▸ **Assignment**
From the first line to the last, write out the records exactly, leaving out images.

Entries taken from a collection:
++++
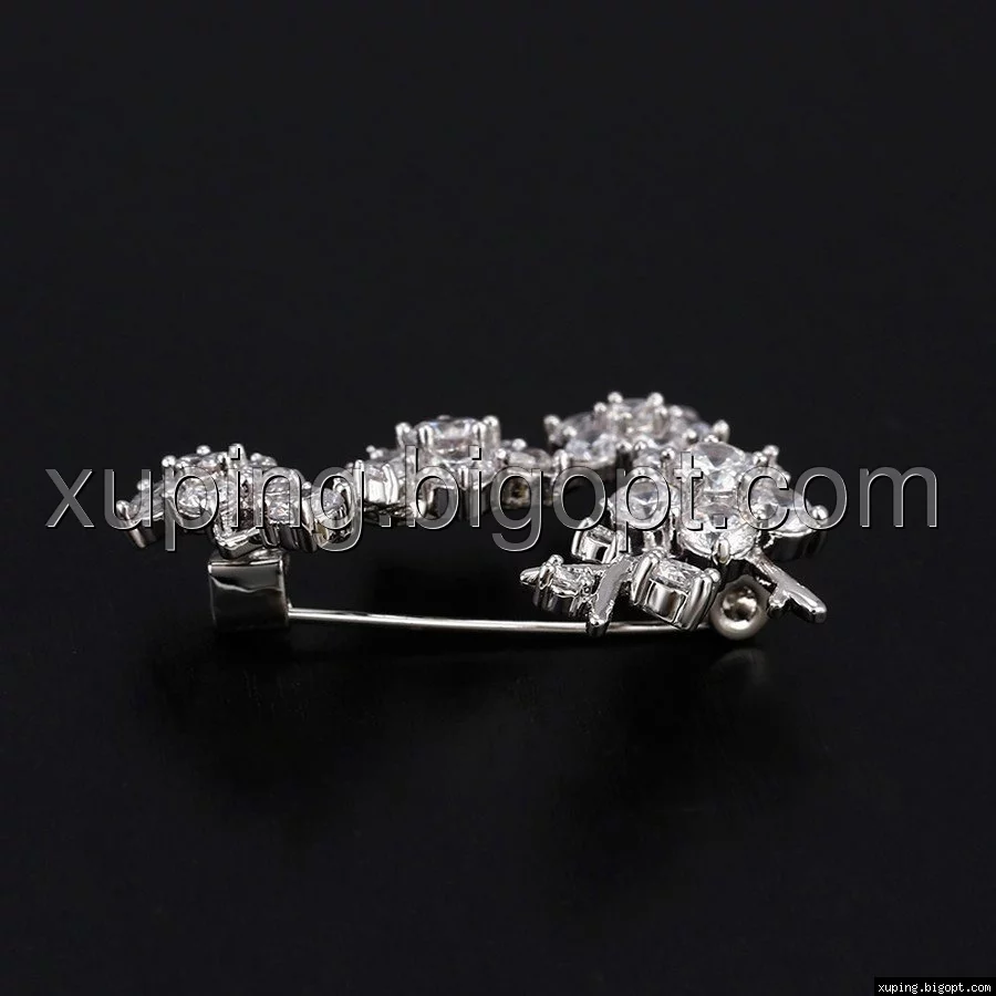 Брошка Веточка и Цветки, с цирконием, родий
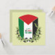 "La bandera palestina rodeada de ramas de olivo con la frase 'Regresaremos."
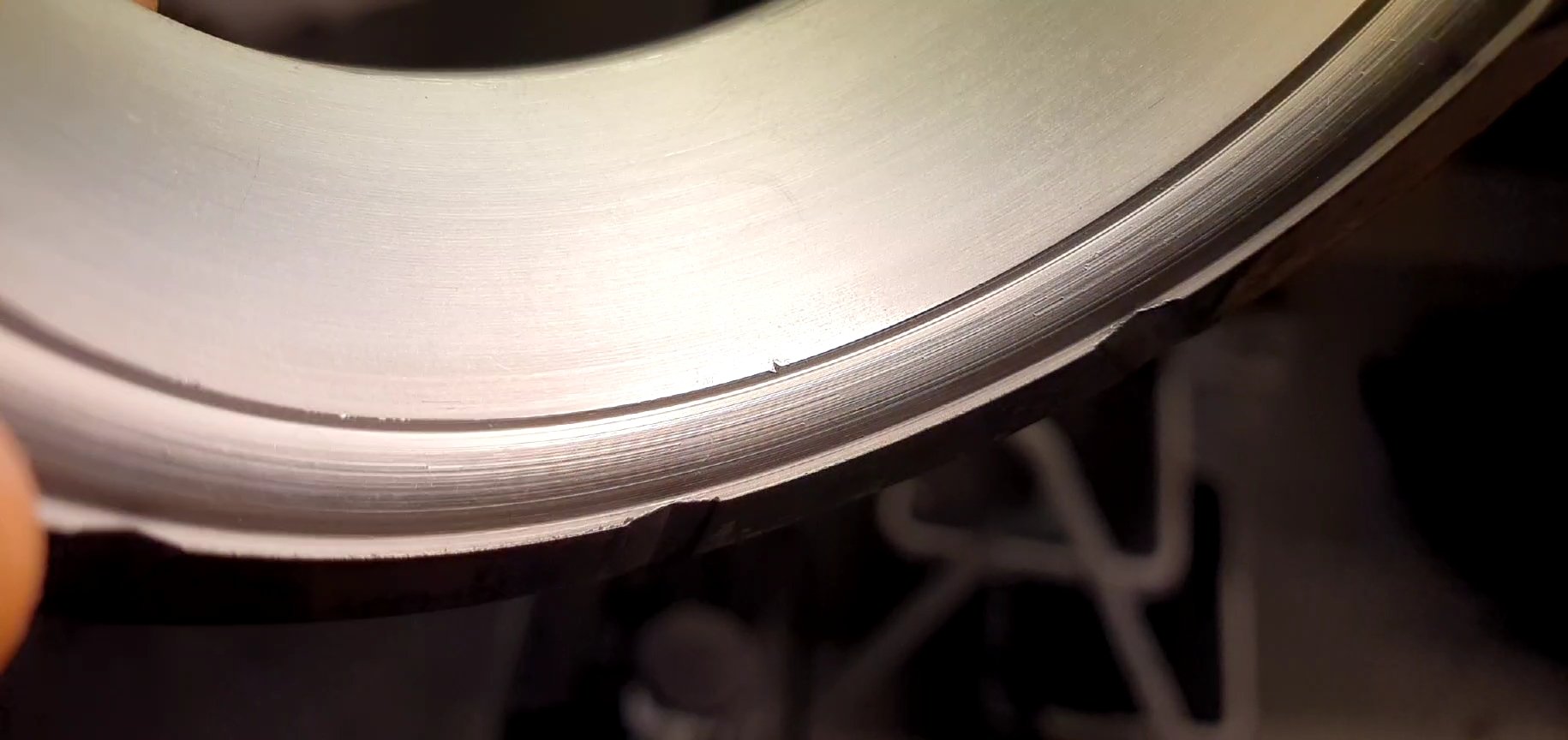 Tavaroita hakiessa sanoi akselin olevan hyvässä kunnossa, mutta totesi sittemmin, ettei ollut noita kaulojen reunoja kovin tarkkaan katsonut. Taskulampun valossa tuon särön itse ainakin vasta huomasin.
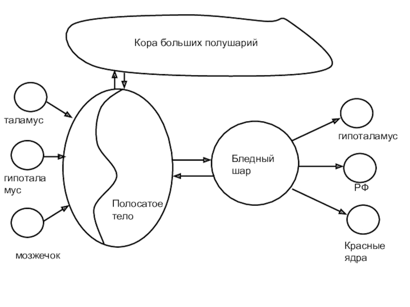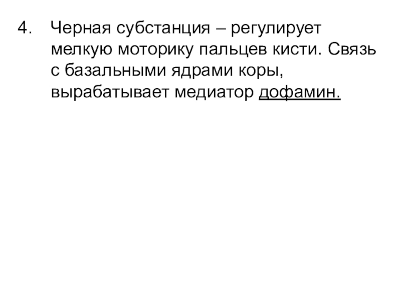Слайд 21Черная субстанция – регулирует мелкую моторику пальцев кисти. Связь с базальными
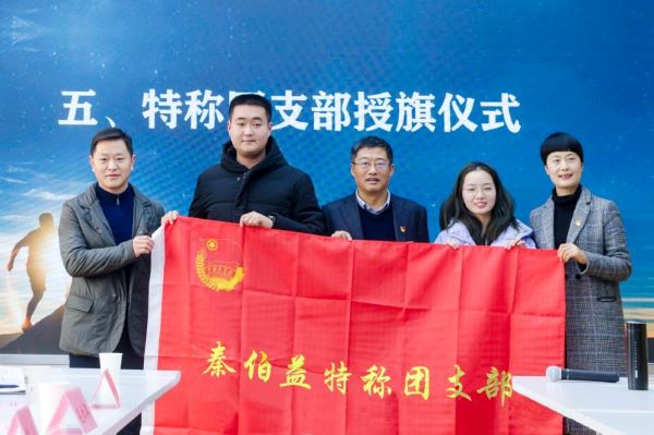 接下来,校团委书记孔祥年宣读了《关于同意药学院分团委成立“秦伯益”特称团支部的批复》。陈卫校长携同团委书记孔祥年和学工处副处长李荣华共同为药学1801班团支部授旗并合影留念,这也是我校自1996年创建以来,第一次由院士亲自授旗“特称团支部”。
++++
▸ **Task output**
 Брошка Веточка и Цветки, с цирконием, родий
 "La bandera palestina rodeada de ramas de olivo con la frase 'Regresaremos."
 Tavaroita hakiessa sanoi akselin olevan hyvässä kunnossa, mutta totesi sittemmin, ettei ollut noita kaulojen reunoja kovin tarkkaan katsonut. Taskulampun valossa tuon särön itse ainakin vasta huomasin.
Слайд 21Черная субстанция – регулирует мелкую моторику пальцев кисти. Связь с базальными
 接下来,校团委书记孔祥年宣读了《关于同意药学院分团委成立“秦伯益”特称团支部的批复》。陈卫校长携同团委书记孔祥年和学工处副处长李荣华共同为药学1801班团支部授旗并合影留念,这也是我校自1996年创建以来,第一次由院士亲自授旗“特称团支部”。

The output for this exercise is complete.